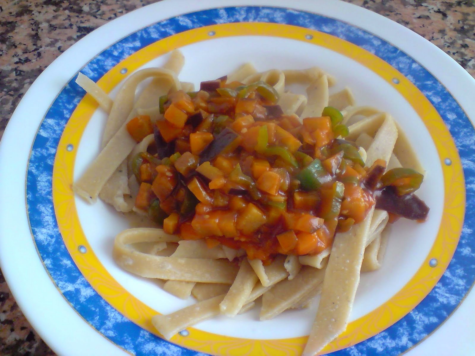 Picamos el ajos, el pimiento y la berenjena por separado muy fino. En un cazo ponemos unas tres o cuatro cucharadas de aceite y añadimos el ajo. Cuando esté dorado añadimos el pimiento y un minuto después la berenjena. Rehogamos muy bien y echamos el vino blanco y la sal. Tapamos y dejamos a fuego medio hasta que la berenjena esté blandita. Añadimos el tomate y calentamos hasta que veamos que borbotea. Colocar sobre la pasta o llevar a la mesa para que cada uno se eche lo que quiera.
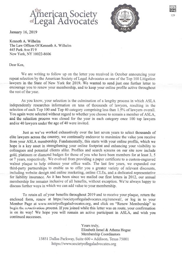 New York attorney Kenneth Wilhelm is an invited member into ASLA Top Litigation Lawyers. His qualifications as one of New York’s top trial lawyers have earned him this prestigious invitation.
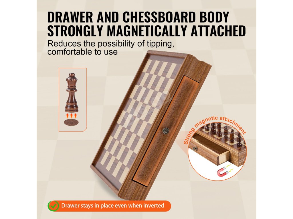 Zásuvka a tělo šachovnice jsou pevně magneticky spojeny, aby se snížila možnost převrácení zásuvky a zabránilo se pádu, což lépe chrání vaše šachové figurky. Zaručuje také pohodlí a klid při používání, i když děti zásuvku omylem převrhnou.
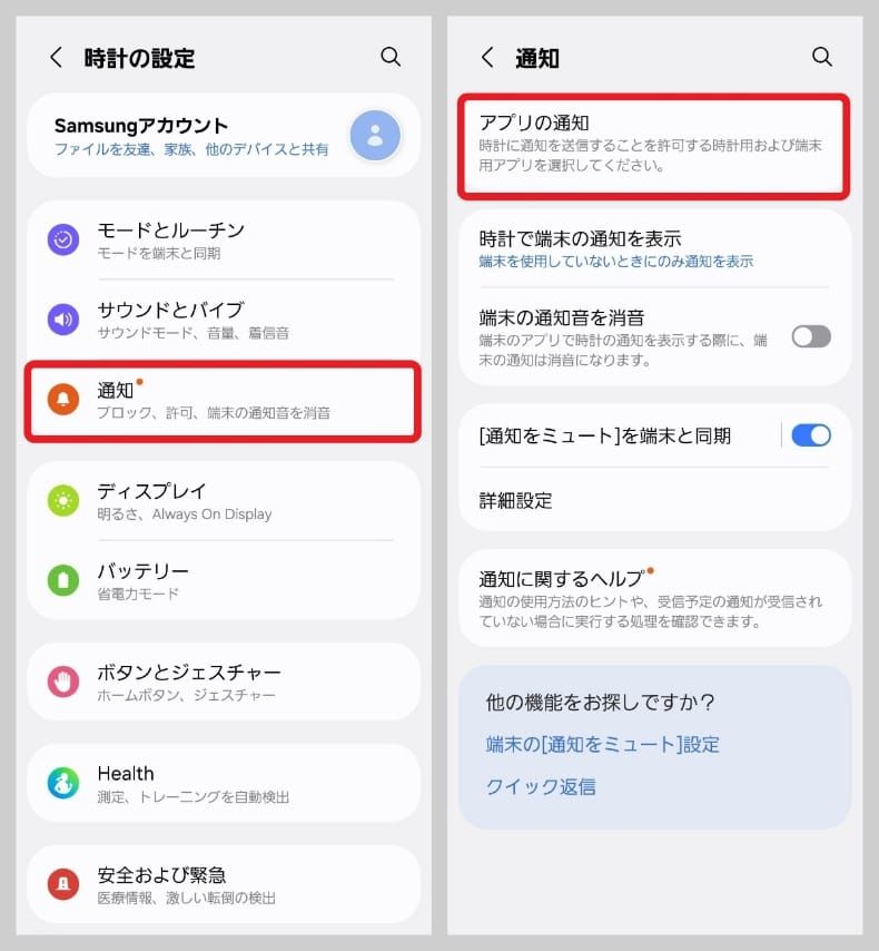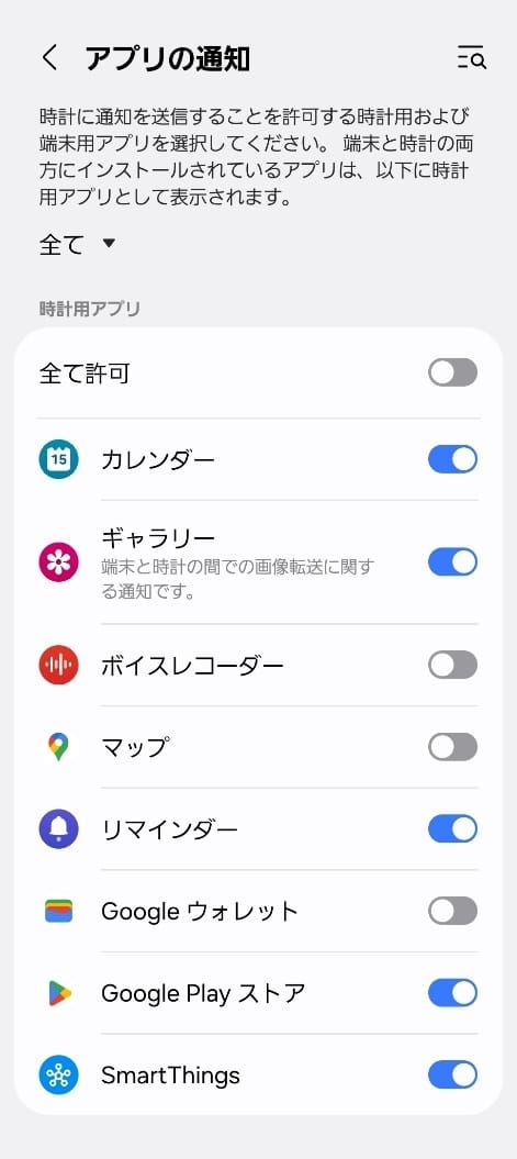 通知設定は、Samsung Galaxy Watchの画面から行いましょう。
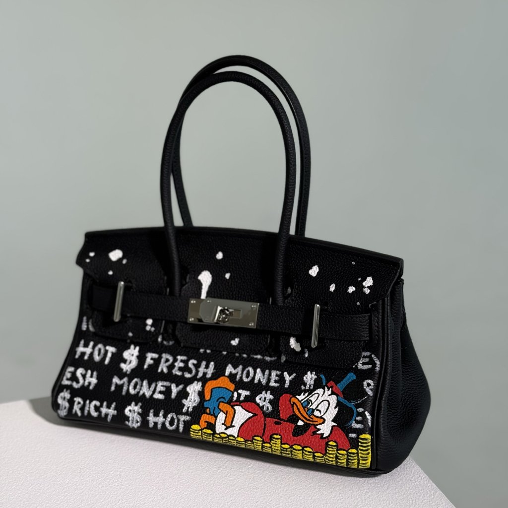 Každý kus je originál v limitovaném počtu – malba nikdy nepůsobí úplně stejně, a právě v tom je její kouzlo. Lindy je ideální na den i večer: elegantní forma, pevný tvar a prémiové kování vytvářejí luxusní dojem, zatímco umělecký design jí dává charakter.
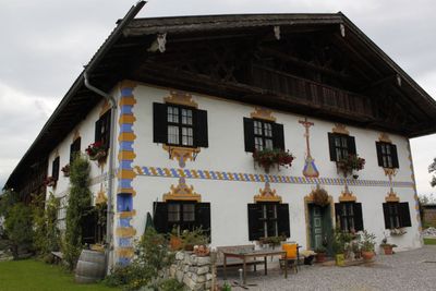 Bauernhaus, zweigeschossiger stattlicher Flachsatteldachbau mit Hochlaube, Zier-, Vorbund, Traufbundwerk und Fassadenmalerei, bezeichnet 1779.
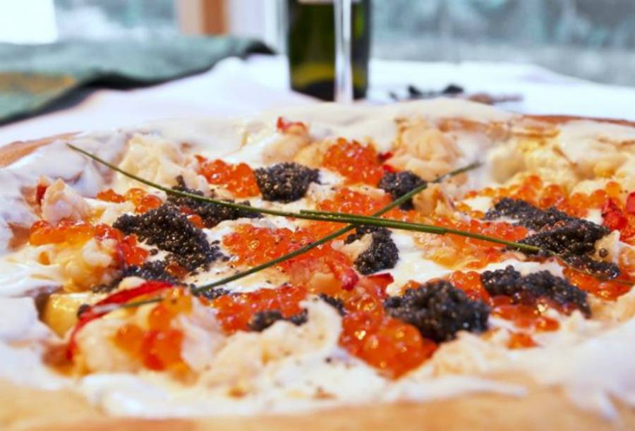 Эта пицца готовится исключительно в присутствии клиента, и для ее начинки используется мясо буйвола, моцарелла, красный королевский лобстер, три вида икры, омары и креветки.
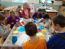 Tvořili jsme vánoční přání pro rodiče a soby ze skleniček, a přitom poslouchali písničky z Youtube.
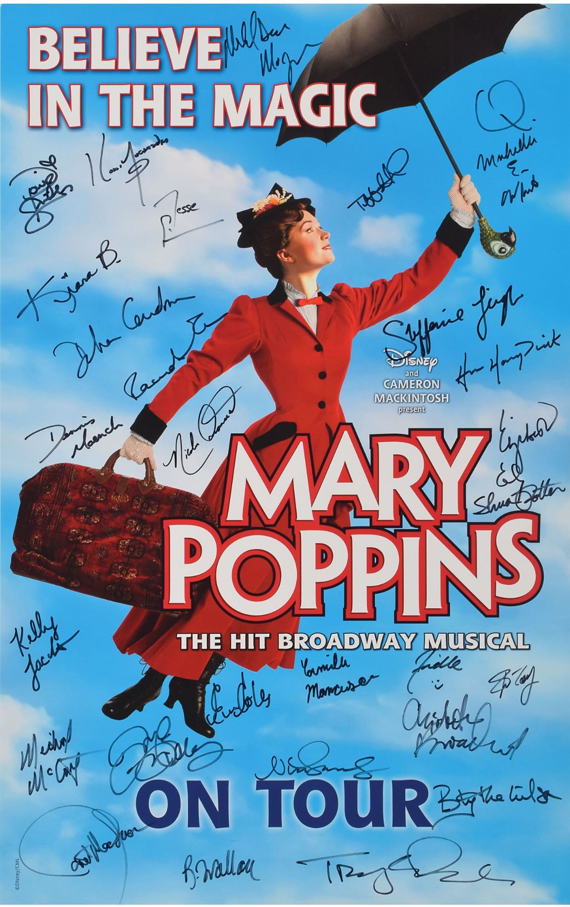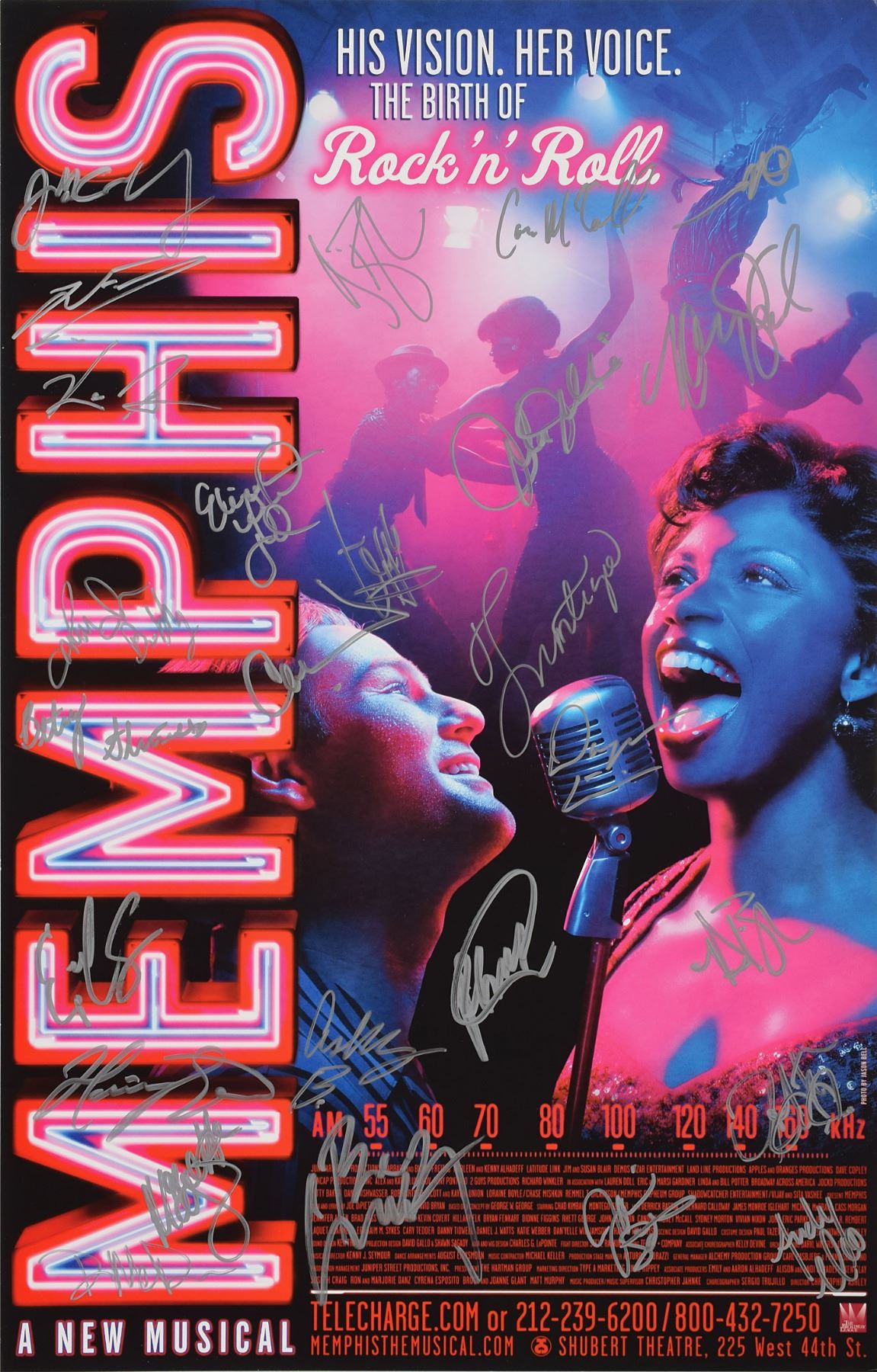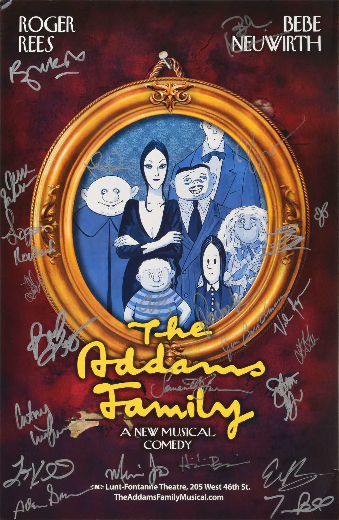 Collection of ten posters for various Broadway shows, ranging in size from 14 x 22 to 20 x 30, each signed in ink or felt tip by numerous cast members. Productions include: The Addams Family, All Shook Up, La Cage Aux Folles, Mary Poppins, Memphis, The Phantom of the Opera, The Philanthropist, Rock of Ages, That Championship Season, and The Wiz. The Philanthropist poster is affixed to a same-size foamcore mount. In overall fine condition, with a few mild corner tip dings.

- [ABOUT THIS TASK] Output the lines of the data exactly, starting at the first and ending with the line that has "New York attorney". Pictures are not part of it.

- [WRITTEN ANSWER]
 Picamos el ajos, el pimiento y la berenjena por separado muy fino. En un cazo ponemos unas tres o cuatro cucharadas de aceite y añadimos el ajo. Cuando esté dorado añadimos el pimiento y un minuto después la berenjena. Rehogamos muy bien y echamos el vino blanco y la sal. Tapamos y dejamos a fuego medio hasta que la berenjena esté blandita. Añadimos el tomate y calentamos hasta que veamos que borbotea. Colocar sobre la pasta o llevar a la mesa para que cada uno se eche lo que quiera.
 New York attorney Kenneth Wilhelm is an invited member into ASLA Top Litigation Lawyers. His qualifications as one of New York’s top trial lawyers have earned him this prestigious invitation.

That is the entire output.